Saturday, September 24, 2005

Car theft is big business

KUALA LUMPUR: Three minutes – that is all it takes for a professional car thief to steal your car.

And within 30 minutes that car can be stripped and sold as spare parts, or may end up being shipped out of the country to as far as South Africa or New Zealand.

The syndicates involved have become so good that they are using legal means to export these Malaysian-owned cars.

According to sources, various models of Proton and Perodua vehicles have been found in Thailand and Indonesia even though these national cars were not exported there.

“These syndicates have managed to export our national cars when the manufacturers themselves have yet to do so,” said an insurance analyst.

It is not just cars that get stolen – vehicle theft is big business in Malaysia, where an average of eight vehicles are stolen every hour.

For the first six months of this year, a total of 35,888 vehicles were stolen nationwide leading to a whopping RM357mil in losses. Last year, 64,274 cases were reported stolen with losses amounting to RM753mil.

For the first six months of the year, two hundred vehicles were reported stolen nationwide every day with motorcycle thefts topping the list at 28,096 cases.

This was followed by car and van/lorry thefts – 4,756 and 3,036 cases respectively.

Federal CID principal assistant director for intelligence Asst Comm Abdul Halim Abdullah said the crime index was considered high because of vehicle thefts.

“Vehicle thefts contributed 41% and 45% to the country’s overall crime index last year and the first half of this year respectively,” he said in an interview.

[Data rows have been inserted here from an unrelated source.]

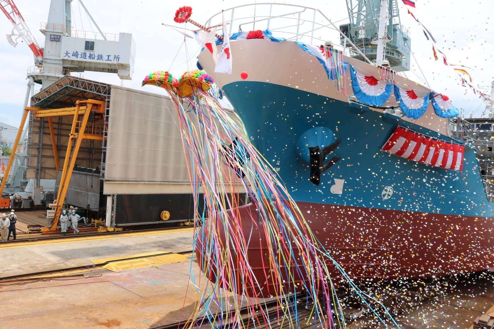 支綱切断と同時にシャンペンボトルとくす玉が割れカラフルな紙テープと共に、ゆっくりと船尾から着水しました。
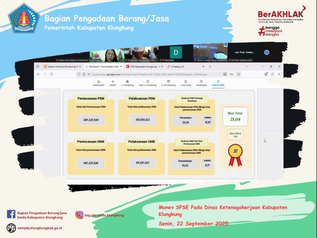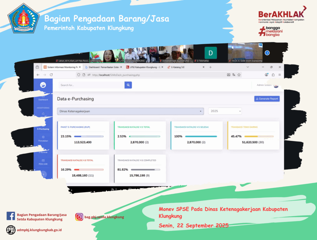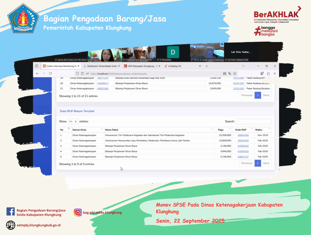 Diharapkan dengan adanya monev ini, Dinas Ketenagakerjaan Kabupaten Klungkung segera melanjutkan pencatatan non tender, pencatatan swakelola, dan paket lain yang belum tercatatkan realisasinya.
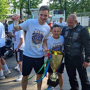 Wszystko pięknie, gratulacje awansu, tylko śmiesznie wyszedł na zdjęciach od 17-20 ten pajac w niebieskiej koszulce i w ciemnych okularach... tak podniecony jakby do pucharu chciał wejść...
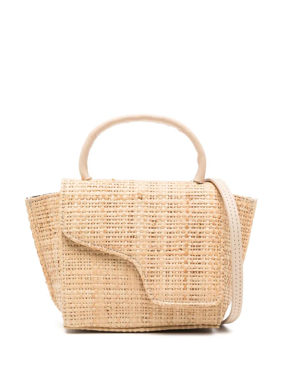 beige interwoven raffia design single top handle detachable shoulder strap front flap closure
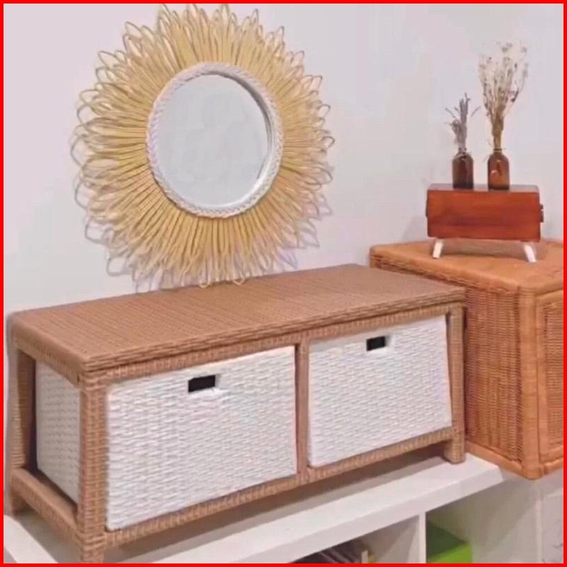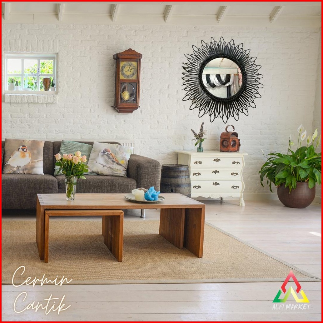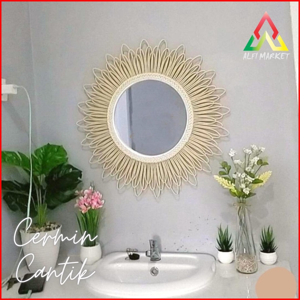 Alfi Kaca Rotan Model Baru Cermin Cantik Aesthetic Mirror Hiasan Dinding Home Decor Tegak

According to him, syndicate members generally use land and sea routes to smuggle stolen vehicles from Malaysia to neighbouring countries and other parts of the world.

“The two ports most often used to ship out stolen vehicles are Port Klang and Tanjung Pelepas Port.

“And the coastal areas of Port Dickson and Banting are the most common exit points for smuggling motorcycles by boat to Indonesia,” he said.

He added that cars were also driven into Thailand via the northern states, and to Singapore, from which many were then shipped to Sarawak and various parts of Indone-sia.

On the operations of vehicle theft syndicates, ACP Abdul Halim said: “It only takes them 30 seconds to steal a motorcycle, three to five minutes to steal a car, even if it has a steering lock, and 30 minutes to cannibalise a car.”

Police intelligence, he said, had revealed that all major syndicates were well financed, with members often driving stolen vehicles straight to the warehouses after a theft.

“At the warehouse, they may decide to paint the vehicle as well as alter the chassis number and registration before driving the ‘new’ vehicle to the border.

“Other vehicles are shipped out in containers with the help of forwarding companies,” he said.

ACP Abdul Halim noted that the large number of vehicle thefts was due to the high demand for stolen vehicles both locally and in certain countries such as Thailand, Indonesia and Singapore.

Citing an example, he said: “The market value for a new Mercedes Benz is above RM300,000 but syndicate members normally sell this car for as low as RM50,000.”

He added that vehicles stolen in states near the borders were often driven out of the country immediately.

“If a vehicle theft is reported to the police a few hours after the actual crime, how are we going to send an alert to the border? By then, the vehicle is already out of the country,” he said.

It was also difficult, he said, to prevent vehicles from being shipped out in containers

“For the moment, there is no method that enables Customs officers to inspect each and every container,” he said.

On efforts made to recover stolen vehicles, he said once they had been smuggled out of the country, the police had little success due to lack of cooperation from their foreigner counterparts.